─── Data records

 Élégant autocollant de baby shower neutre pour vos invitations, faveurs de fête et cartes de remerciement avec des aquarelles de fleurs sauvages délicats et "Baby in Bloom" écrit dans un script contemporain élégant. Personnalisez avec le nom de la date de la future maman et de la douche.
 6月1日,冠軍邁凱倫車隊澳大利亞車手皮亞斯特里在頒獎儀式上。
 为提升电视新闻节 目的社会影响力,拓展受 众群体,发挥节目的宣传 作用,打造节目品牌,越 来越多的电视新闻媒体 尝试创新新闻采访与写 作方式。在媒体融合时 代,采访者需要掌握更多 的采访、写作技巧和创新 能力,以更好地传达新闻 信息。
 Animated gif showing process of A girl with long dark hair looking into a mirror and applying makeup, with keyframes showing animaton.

──────
─── Data records

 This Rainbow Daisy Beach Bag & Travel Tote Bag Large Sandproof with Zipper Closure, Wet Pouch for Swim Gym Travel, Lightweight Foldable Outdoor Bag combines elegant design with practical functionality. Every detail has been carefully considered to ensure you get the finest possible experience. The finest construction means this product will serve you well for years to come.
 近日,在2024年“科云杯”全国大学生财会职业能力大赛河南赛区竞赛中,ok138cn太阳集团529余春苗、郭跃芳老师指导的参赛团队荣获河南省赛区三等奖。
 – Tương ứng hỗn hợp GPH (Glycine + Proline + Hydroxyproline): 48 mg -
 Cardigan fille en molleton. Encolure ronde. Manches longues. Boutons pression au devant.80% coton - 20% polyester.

──────

To do
What is asked for is an exact copy of the lines above from the one containing "This Rainbow Daisy" through the one containing "Tương ứng hỗn", and only those.

Result for this exercise
 This Rainbow Daisy Beach Bag & Travel Tote Bag Large Sandproof with Zipper Closure, Wet Pouch for Swim Gym Travel, Lightweight Foldable Outdoor Bag combines elegant design with practical functionality. Every detail has been carefully considered to ensure you get the finest possible experience. The finest construction means this product will serve you well for years to come.
 近日,在2024年“科云杯”全国大学生财会职业能力大赛河南赛区竞赛中,ok138cn太阳集团529余春苗、郭跃芳老师指导的参赛团队荣获河南省赛区三等奖。
 – Tương ứng hỗn hợp GPH (Glycine + Proline + Hydroxyproline): 48 mg -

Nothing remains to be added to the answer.